VIAGENS NA MINHA TERRA de Almeida Garrett

Acabei de reler Viagens na Minha Terra de Almeida Garrett (1799-1854) e pensei que devia partilhar com os visitantes deste blog a "viagem" que faço às Viagens...
Embora todos saibamos que Garrett lutou pelos liberais de armas na mão, a verdade é que bem se nota no curso do discurso a nostalgia do antigo regime...sobretudo através da personagem Frei Dinis: «segundo os seus princípios, poder de homem sobre homem era usurpação sempre e de qualquer modo que fosse constituído. Todo o poder estava em Deus que o delegava ao pai sobre o filho, daí ao chefe da família sobre a família, daí a um desses sobre todo o Estado, mas para o reger segundo o Evangelho e em toda a austeridade republicana dos primitivos princípios cristãos» (Círculo de Leitores, Lisboa, 1978, p. 69). Ora esta estrutura de pensamento é a velha ordem, sem que, obviamente, aqui, o adjectivo "velha" tenha significado negativo.
Correspondendo aos Costas, Limas, Isaltinos...de hoje, os barões agiotas são execrados em Viagens na Minha Terra até à exaustão. Escreve Garrett: «mal do governo que deixar comer mais aos barões» (ibidem, p. 179).
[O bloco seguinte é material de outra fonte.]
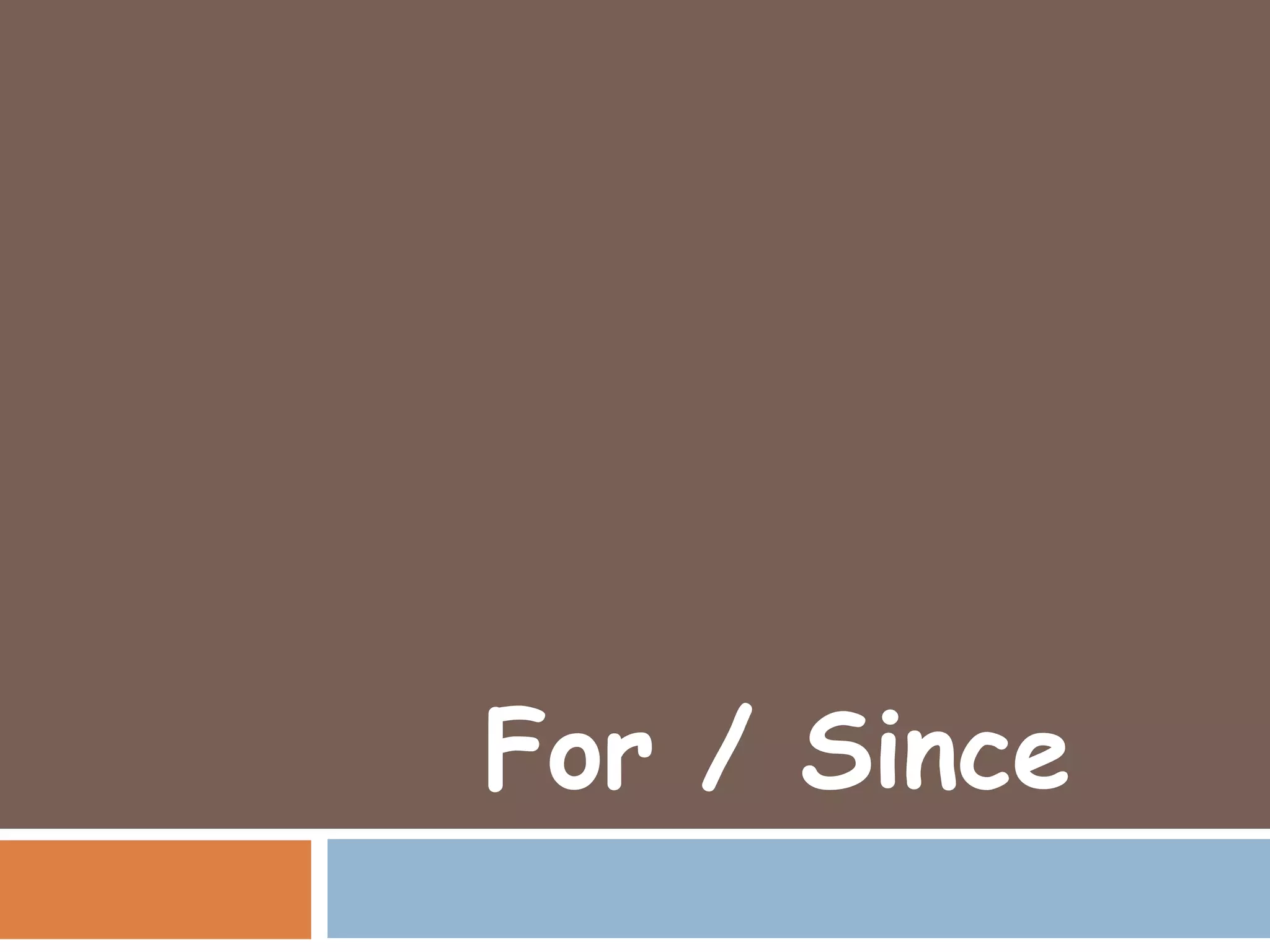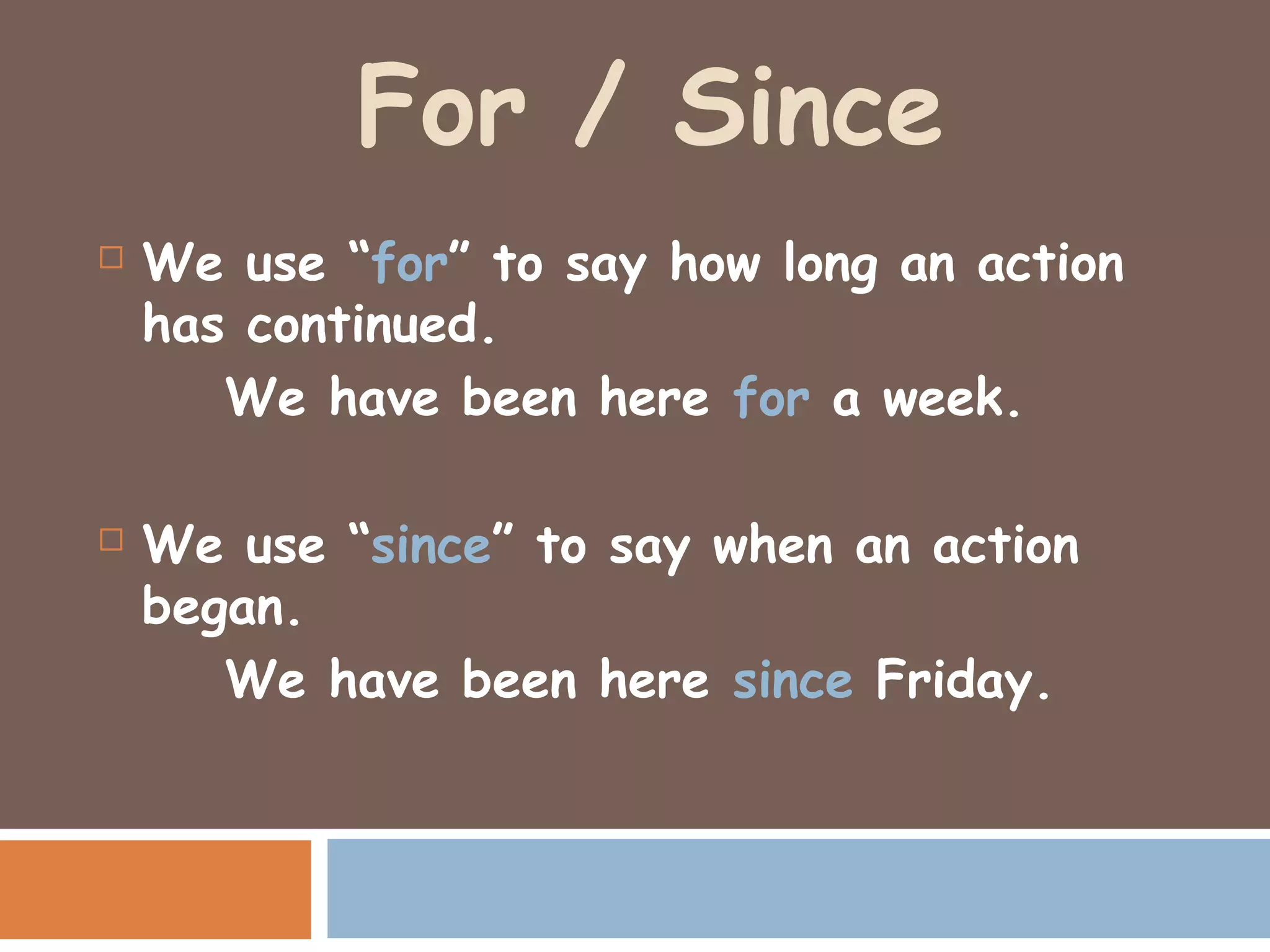 This document provides examples of using "for" and "since" to indicate duration or a starting point of an action. "For" is used to indicate how long an action has continued, such as "We have been here for a week." "Since" is used to indicate when an action began, such as "We have been here since Friday." The document gives multiple pairs of examples contrasting the proper uses of "for" and "since."

E um pouco mais à frente: «mais dez anos de barões e de regime da matéria, e infalivelmente nos foge deste corpo agonizante de Portugal o derradeiro suspiro do espírito» (ibidem, p. 186).
O que Garrett exalta recorrentemente é o povo: «...porque o povo, o povo está são. Os corruptos somos nós, os que cuidamos saber e ignoramos tudo» (ibidem, p.186).
Ora é aqui que me surge uma dificuldade que expresso pelas seguintes perguntas: o que entende Garrett por povo? O povo vassalo ou aquele que livre trabalha para ganhar com a satisfação das necessidades dos outros? Em toda a obra em foco, eu não vejo o espírito que preside a esta segunda hipótese, tendo eu a certeza de que tal espírito vou encontrá-lo em Cesário Verde. Mas este segundo Camões da nossa Literatura fica para um próximo texto que deixarei aqui se Deus quiser.

Nota: eu estou livre de todo esse discurso académico que face a Almeida Garrett recorre ao Romantismo para desbocar frases feitas. Para mim, antes do Sturm und Drang está o homem.




1 comentário:

Unknown disse...

Quando eu falo no povo «...que livre trabalha para ganhar com a satisfação das necessidades dos outros», estou a falar do capitalismo normal. Os «barões» do tempo de A. Garrett ou os Costas, os Limas, os Isaltinos, etc., de hoje são os parasitas do capitalismo.
São os Costas, os Limas, os Isaltinos, etc., que mancomunados com o Estado e este com eles fizeram a crise que nos vai dando a morte lenta.
Também é preciso tomar consciência de que no Romantismo, já portanto em A. Garrett, muito especialmente em VIAGENS NA MINHA TERRA, assistimos ao estado nascente da religião biónica, isto é, do culto da natureza, também dito ecologismo ou ambientalismo. SOU RESPONSÁVEL POR TODAS AS AFIRMAÇÕES QUE AQUI FAÇO.